Thirteen projects aiming to unlock domestic demand-side response from hot water tanks, home storage systems, car batteries, heat pumps and rooftop solar have been awarded £8.57m via the government’s domestic DSR competition.
A consortium led by PassivSystems took the largest single amount (£1m) to test out “commercially funded bivalent heat pump and gas/oil boiler heating systems with advanced DSR controls and aggregation and rewarding customers for the DSR services provided”.

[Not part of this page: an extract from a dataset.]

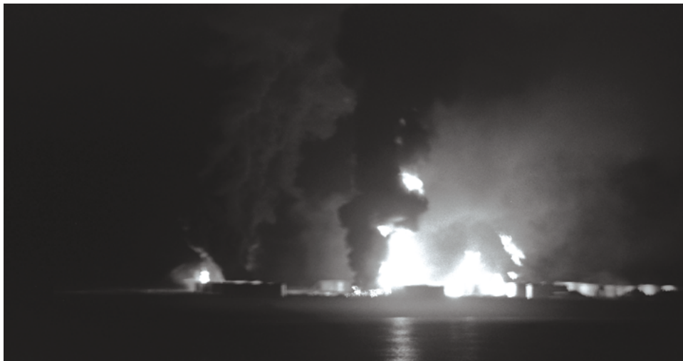
פיצוץ מתקני דלק בלטקיה במסגרת 'מבצע הילה', 11 באוקטובר 1973 (צלם: אלון ריינגר; באדיבות לשכת העיתונות הממשלתית).

הפגזות הנמלים המוצלחות יצרו נרטיב שעל פיו הייתה להן תרומה חשובה למהלך המלחמה, שכן "היא גרמה לו [לסורי] נזקים כבדים וחייבה אותו לרתק כוחות שריון לצורך הגנה על מתקנים חופיים". 26

A Green Energy Options (Geo) consortium was awarded just under £1m for its Core4Grid project, whereby it will try to prove ‘hybrid homes’ can cut energy bills in half. It will install an “integrated DSR system as part of the fabric of the home, and therefore paid for via the mortgage or rent – as happens with a heating system.”
Evergreen Smart Power’s consortium won £941k to develop domestic grid services based around EV charging and electric heating. It will use MyEnergi’s Zappi and Eddi hardware to manage loads in response to grid signals, with devices registered and optimised via its virtual power plant (VPP).
A Greater London Authority-led consortium was awarded £928k to for its ‘Home Response’ project. That aims to “demonstrate how electrical hot water heating and solar PV with battery storage technologies can be used in social housing to help Londoner’s cut their energy bills, financially reward flexible use of energy, reduce emissions and contribute to a smarter, cleaner energy system for London”.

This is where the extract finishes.